EXERCISE DIRECTIONS: Starting at the first line of the data, please print exactly those lines through the one that holds "If the chocolate", omitting every picture.

MATERIAL SHOWN:

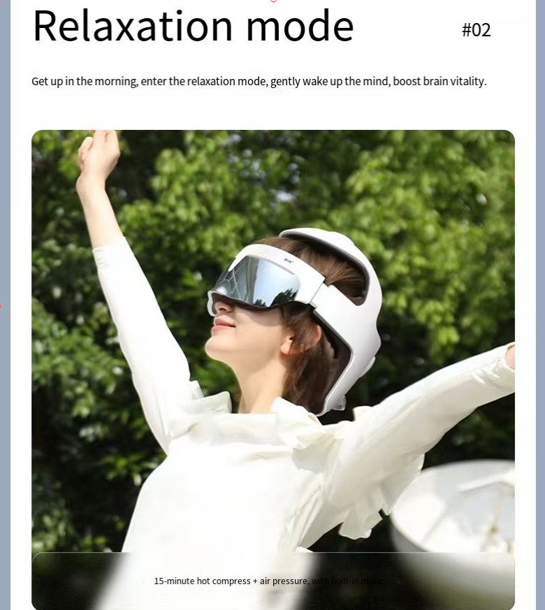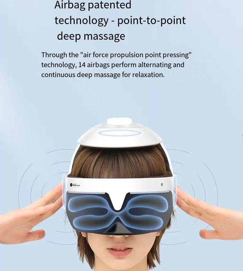 Electric head massager, with 14 layers of airbags precisely covering 21 acupoints of the head, eyes and neck. Alternating techniques of kneading, pressing and pushing. Graphene constant-temperature heat therapy relieves fatigue. Supports HiLink smart connection. The APP allows for DIY adjustment of force and temperature. The hollow eye-shaped design does not press on the eyeballs. It can recharge your body and mind anytime and anywhere.
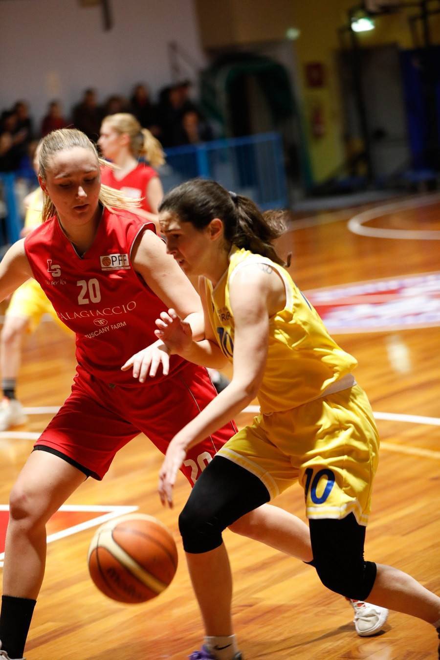 Belfiori è costretta ad uscire a 4 minuti dal termine del periodo, poi rientrata nel successivo, per un problema alla spalla, ma è Giusti adesso a fare voce grossa sotto canestro ed a frenare la foga delle ospiti.
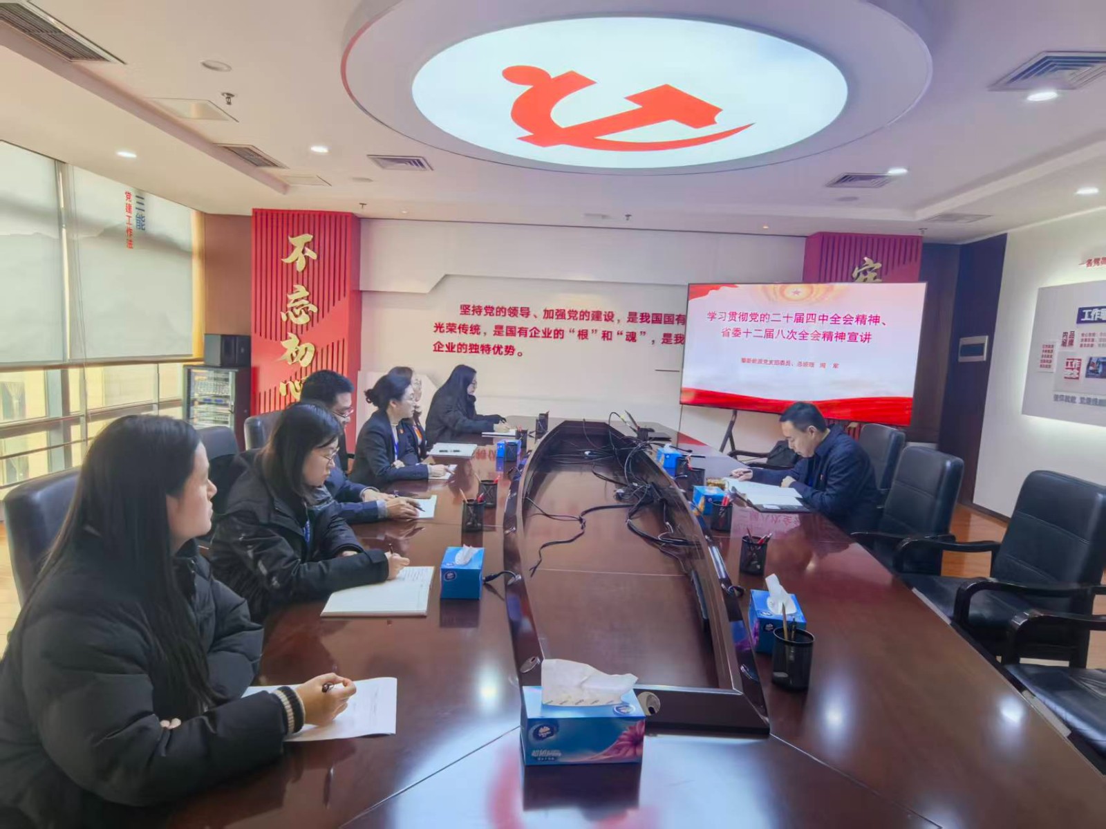 近日,攀新能源党支部委员、总经理周军为公司党支部第一党小组宣讲党的二十届四中全会和省委十二届八次全会精神,激励党员同志们要切实把思想和行动统一到党中央和省委决策部署上来,激励干部职工在新发展阶段进一步强化担当意识、主动作为。
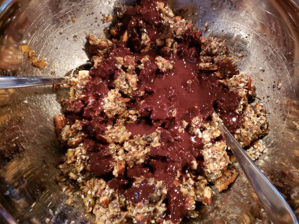 If the chocolate is completely melted, add to nut mix and stir in quickly. If you feel your mix is too wet add a bit of almond flour or other nut flour until you feel happy with the mix. I really winged the measurements and the mix came out great!
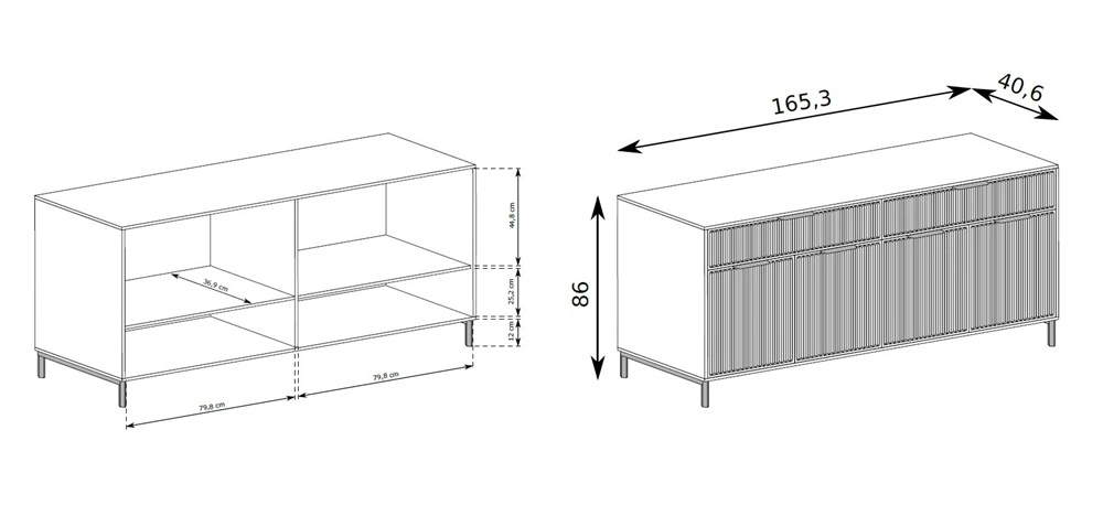 - Komoda Linka to bardzo elegancki i oryginalny mebel. Geometryczny kształt, ryflowane fronty oraz stylowe uchwyty krawędziowe stanowią nietuzinkowe wykończenie bryły. Wysoka podstawa sprawia, że komoda prezentuje się bardzo szykownie.

SOLVED PROBLEM:
 Electric head massager, with 14 layers of airbags precisely covering 21 acupoints of the head, eyes and neck. Alternating techniques of kneading, pressing and pushing. Graphene constant-temperature heat therapy relieves fatigue. Supports HiLink smart connection. The APP allows for DIY adjustment of force and temperature. The hollow eye-shaped design does not press on the eyeballs. It can recharge your body and mind anytime and anywhere.
 Belfiori è costretta ad uscire a 4 minuti dal termine del periodo, poi rientrata nel successivo, per un problema alla spalla, ma è Giusti adesso a fare voce grossa sotto canestro ed a frenare la foga delle ospiti.
 近日,攀新能源党支部委员、总经理周军为公司党支部第一党小组宣讲党的二十届四中全会和省委十二届八次全会精神,激励党员同志们要切实把思想和行动统一到党中央和省委决策部署上来,激励干部职工在新发展阶段进一步强化担当意识、主动作为。
 If the chocolate is completely melted, add to nut mix and stir in quickly. If you feel your mix is too wet add a bit of almond flour or other nut flour until you feel happy with the mix. I really winged the measurements and the mix came out great!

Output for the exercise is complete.